Daphne nodded: she could see that point.

"Fortunately the girl is not well-known yet," Peter went on. "People are only guessing, and trying to fit the story to somebody. But in a week or so she will be presented. And after that any fool will be able to fit row and two together. Unless..."

"Unless what, Mr. Wilmot?"

"Unless you can think of something. I don't know why I have faith in you; but I have, somehow. All the resources of 'Social Emergencies' are behind you, and you may rely on Castieau to do anything that would help. Literally anything."

There was a long pause.

"Mr. Wilmot," the girl said at last. "I want you to telegraph a hundred pounds to Paris for me.
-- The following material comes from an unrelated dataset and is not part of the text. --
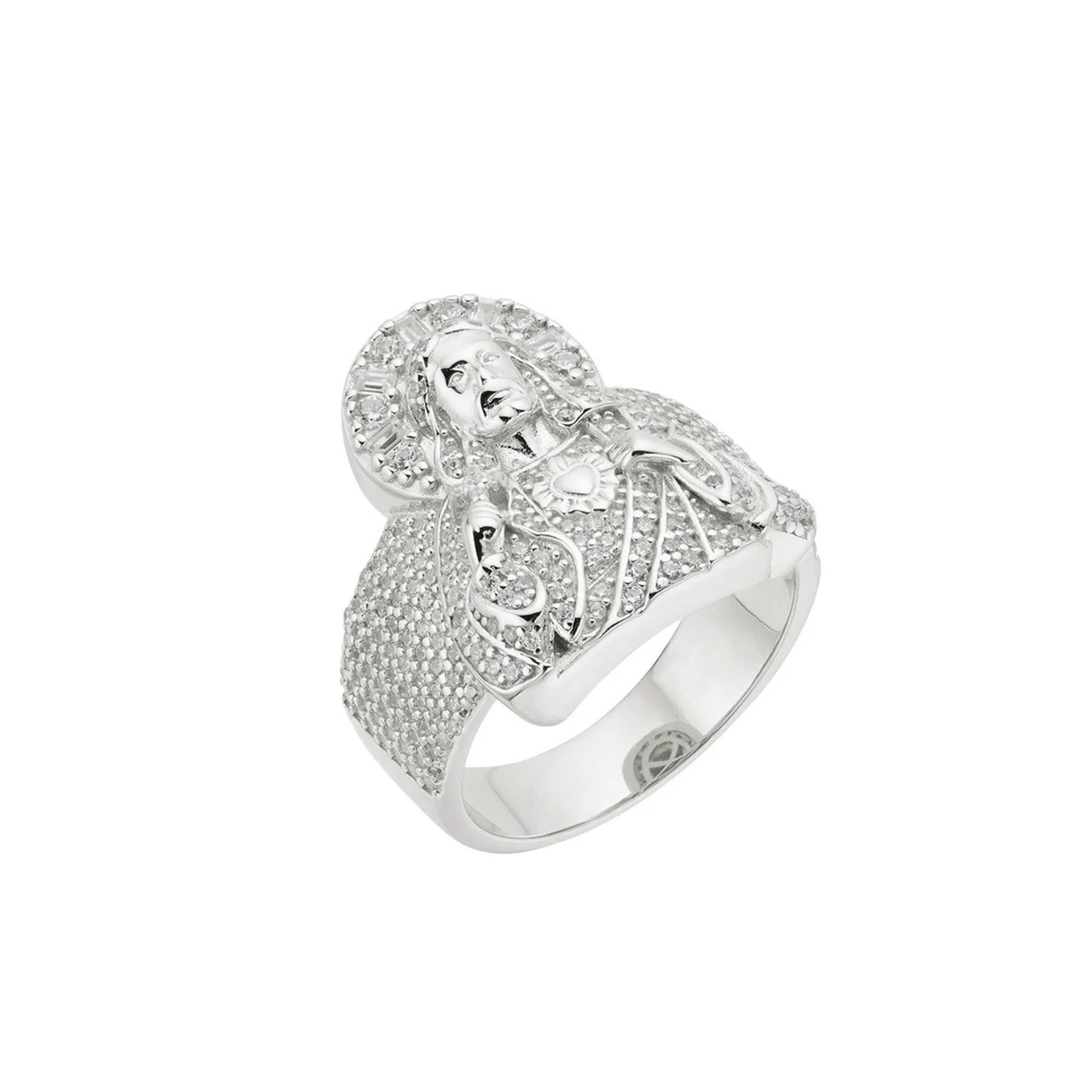 Sterling Silver Round Baguette Moissanite SZ 10 Jesus Religious Mens Ring RP 2 Cttw

Send it to Miss Helen Gedge, at Cassavetti's."

"Helen Gedge!" Peter said, noting the name. "And what happens then?"

"You must leave that to me, Mr. Wilmot."


OVER her breakfast, Daphne Wyse scanned the "Round London" column of her favourite newspaper, sipping her tea with infinite satisfaction.
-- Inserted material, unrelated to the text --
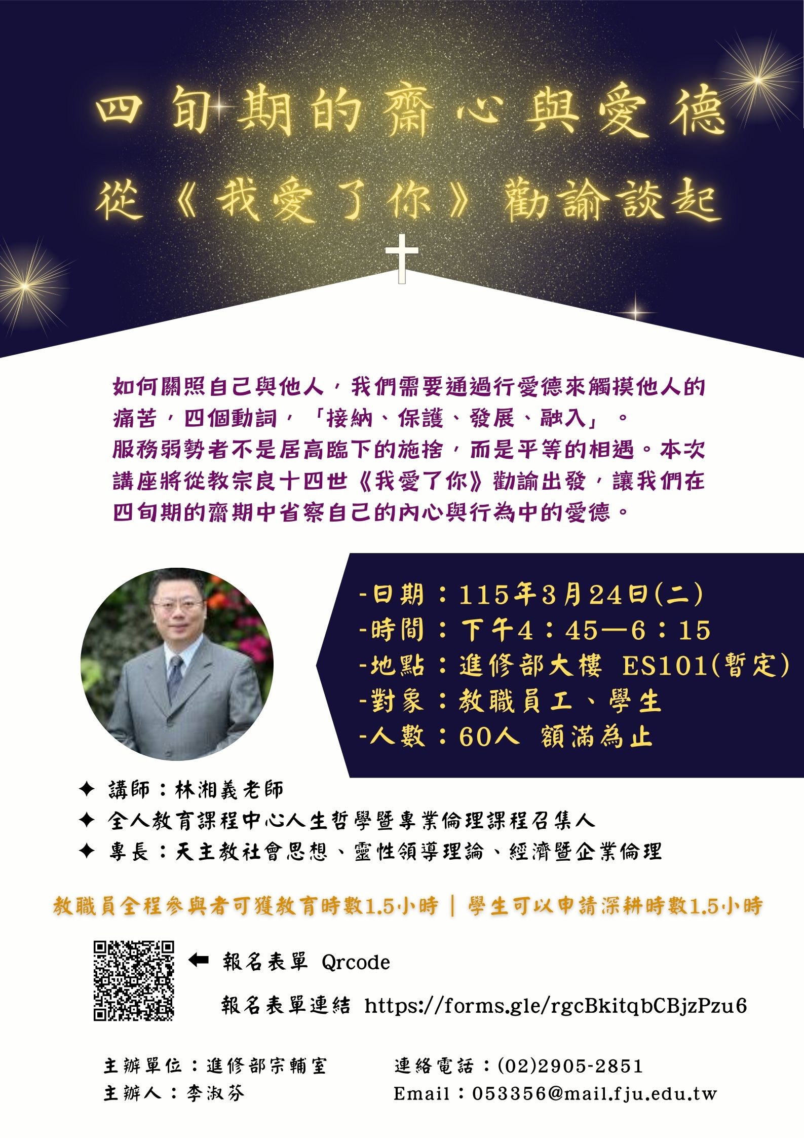 如何關照自己與他人,我們需要通過行愛德來觸摸他人的痛苦,四個動詞,「接納、保護、發展、融入」。 服務弱勢者不是居高臨下的施捨,而是平等的相遇。本次講座將從教宗良十四世《我愛了你》勸諭出發,讓我們在四旬期的齋期中省察自己的內心與行為中的愛德。

"Among the distinguished people dancing at the Curlew Club last night," wrote the Gossip man, "I noticed Delicia, the wonderful new mannequin, who has come from Cassavetti's, in Paris, to take up a post with Madame Eglantine. She was dancing with Conrad Castieau; and behind that, my gentle reader, lies an interesting story. But I must not be premature; though everybody knows that Conrad Castieau has the most discussed canvas showing in this year's Academy."

"Fine work," approved Peter Wilmot, when she got into touch with him. "Great work, Miss Howard. But she'll carry a little more sail still, so crowd it on. People are talking of the other one, confound them."
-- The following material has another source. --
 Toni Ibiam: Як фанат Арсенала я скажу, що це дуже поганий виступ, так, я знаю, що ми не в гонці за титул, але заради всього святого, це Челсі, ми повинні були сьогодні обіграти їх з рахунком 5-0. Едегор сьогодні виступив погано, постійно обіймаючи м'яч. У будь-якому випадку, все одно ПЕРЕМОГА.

"Watch this space to-morrow," Daphne promised. "And keep Mr. Castieau up to the mark. It all depends now upon his keeping his promises."

Peter watched this space eagerly on the next day; meaning, of course, the "Round London" column. He was rewarded by the picture of a very pretty girl.

"This is Delicia," said the writer. "The mannequin of whom all London is talking. It is an open secret, I think, that this clever girl posed for Conrad Castieau's successful picture in the Academy entitled 'Shop Soiled.' Indeed, Delicia told me so with her own pretty lips. 'I was just acting, of course,' she explained, 'but Mr. Castieau is good enough to say that my expression helped to make his picture what it is. I love posing for Mr. Castieau, for he has a stimulating personality; and seems to draw from you your very best.'"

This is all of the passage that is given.